Mortality from prostate cancer (PCa) has decreased substantially in the United States, coinciding with the initiation of widespread prostate-specific antigen (PSA) –based screening. From 1994 to 2006, mortality rates declined by an average of 4% per year, the most rapid decline observed for any cancer site.^{1} Mathematical models have estimated that the stage migration induced by screening likely accounts for 45% to 70% of the observed reduction in PCa mortality through 2000.^{2} Notably, a similar decline was observed in Tyrol, Austria after the introduction of a PSA screening program, compared with the rest of the country where screening and curative treatment were uncommonly performed.^{3}

The European Randomized Study of Screening for Prostate Cancer (ERSPC) recently reported a 20% reduction in PCa mortality and a 41% reduction in metastatic disease at diagnosis in an intent-to-screen analysis conducted after a median follow-up time of 9 years.^{4} More recently, ERSPC estimated a mortality reduction of 31% after adjustment for noncompliance in the screening arm and contamination in the control arm.^{5} However, serious concerns were raised because the original ERSPC report included estimates indicating that a large number of men would have to be screened and treated to prevent one death from PCa.^{6} The number needed to treat (NNT) is a useful statistic to assess the balance of benefits and harms of an intervention.^{7} The goal of this study is to highlight some of the pitfalls in the calculation and interpretation of the NNT statistic and, in particular, to provide revised estimates of the NNT from the ERSPC trial accounting for the important effects of longer follow-up time.

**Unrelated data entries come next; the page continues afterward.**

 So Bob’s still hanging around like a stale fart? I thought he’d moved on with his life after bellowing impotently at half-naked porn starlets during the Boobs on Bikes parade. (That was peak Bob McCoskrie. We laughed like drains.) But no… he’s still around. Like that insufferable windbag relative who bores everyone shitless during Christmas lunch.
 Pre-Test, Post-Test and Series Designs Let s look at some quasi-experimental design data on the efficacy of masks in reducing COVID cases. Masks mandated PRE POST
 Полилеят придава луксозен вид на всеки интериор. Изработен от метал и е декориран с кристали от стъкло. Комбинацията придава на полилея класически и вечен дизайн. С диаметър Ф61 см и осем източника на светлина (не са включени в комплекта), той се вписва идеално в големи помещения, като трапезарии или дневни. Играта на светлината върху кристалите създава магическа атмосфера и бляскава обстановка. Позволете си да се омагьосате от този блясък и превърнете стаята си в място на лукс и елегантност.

Whether or not one accepts that PSA screening has a mortality benefit or at least reduces the incidence of metastatic disease, it must be acknowledged that screening programs engender costs at both the individual and societal level.^{8} Central to the debate over PSA screening are concerns regarding the diagnosis and treatment of tumors that may not cause harm.^{9} In the ERSPC trial, Schroder et al^{4} used the difference in cumulative mortality between the screening and control arms and the excess incidence of PCa in the screening arm to estimate a NNT of 48 to prevent one PCa death after a median follow-up time of 9 years. Because not every patient diagnosed with PCa will require treatment, NNT can be described more accurately in this context as the number needed to diagnose.^{10} The number needed to screen (NNS), which is simply the reciprocal of the absolute difference in cumulative mortality, was initially reported by ERSPC as 1,410 at the 9-year follow-up mark. This number can be reinterpreted as the number needed to be offered screening. The NNS was 1,068 when screening arm assignees who never underwent any screening were excluded.

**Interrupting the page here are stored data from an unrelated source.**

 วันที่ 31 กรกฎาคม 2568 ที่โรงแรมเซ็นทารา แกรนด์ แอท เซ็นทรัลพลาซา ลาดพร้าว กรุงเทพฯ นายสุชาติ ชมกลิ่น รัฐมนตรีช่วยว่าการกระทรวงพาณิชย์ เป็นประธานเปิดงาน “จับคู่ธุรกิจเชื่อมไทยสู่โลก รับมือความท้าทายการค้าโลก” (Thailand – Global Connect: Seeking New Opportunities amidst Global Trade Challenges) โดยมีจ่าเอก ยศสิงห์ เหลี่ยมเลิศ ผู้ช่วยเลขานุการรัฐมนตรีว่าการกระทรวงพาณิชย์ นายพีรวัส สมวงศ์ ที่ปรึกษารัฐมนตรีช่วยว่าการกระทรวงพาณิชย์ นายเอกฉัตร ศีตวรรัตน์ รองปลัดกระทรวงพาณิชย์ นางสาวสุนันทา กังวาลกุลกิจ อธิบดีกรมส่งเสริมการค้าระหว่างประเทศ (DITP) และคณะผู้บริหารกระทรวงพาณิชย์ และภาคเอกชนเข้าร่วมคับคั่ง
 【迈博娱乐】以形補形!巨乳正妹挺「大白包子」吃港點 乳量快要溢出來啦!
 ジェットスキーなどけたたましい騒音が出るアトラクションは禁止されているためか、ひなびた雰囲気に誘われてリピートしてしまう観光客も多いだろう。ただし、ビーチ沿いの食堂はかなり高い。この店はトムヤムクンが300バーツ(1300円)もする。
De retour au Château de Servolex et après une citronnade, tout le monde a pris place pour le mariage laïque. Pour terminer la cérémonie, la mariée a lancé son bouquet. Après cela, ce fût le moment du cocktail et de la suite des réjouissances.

Previous authors noted that the NNT statistic frequently has been used incorrectly in clinical trial reports in leading journals.^{11,12} NNT is easily understood when referring to proportions of patients assigned to each group at baseline but becomes more complex when dealing with differences in time-to-event data or event rates, which are based on actual person-time of observation. First, when rates, rather than proportions, are used as the basis for estimating NNT in the context of mortality, the NNT represents the amount of person-time (usually person-years), not the number of persons, that must be treated to prevent one death. Although this approach has been advocated as a way of standardizing the observation period and thus dealing with trials that have long and varying follow-up times for patients, the results are less intuitively appealing to clinicians, and their validity depends on the assumption that risk changes at a constant rate over time.^{12–14} Second, in almost all long-term trials such as ERSPC, some participants are removed from observation (ie, censored as a result of death or loss to follow-up) at varying points during follow-up, and the rates of censoring can also vary between treatment groups. Ignoring censoring, particularly differential censoring, can distort estimates of NNT that are based on simple proportions. This risk of distortion can be mitigated by instead calculating NNT based on the survival curves (or equivalent cumulative hazard functions [CHFs]) for each treatment group derived from common statistics such as the Kaplan-Meier or Nelsen-Aalen estimators, which account for variations in follow-up time among patients.^{15} Schroder et al^{4} appear to have used the Nelsen-Aalen CHF in estimating NNS and NNT. Because recalculation of the NNS and NNT using simple proportions based on the number of patients at baseline and the number of PCa deaths in each group yields nearly identical results, we assume that the pattern of censoring was approximately equivalent in each arm of the trial.

In the current analysis, however, we focused on another concern that we believe has a major effect on interpretation of NNT and NNS in the ERSPC, namely the fact that these statistics are time specific and will change as the risks for the treatment groups either converge or diverge over time. By extracting hazard rate estimates from the authors' Nelsen-Aalen curves and applying those rates in an appropriate model, we calculated predicted NNS and NNT estimates for different periods of follow-up.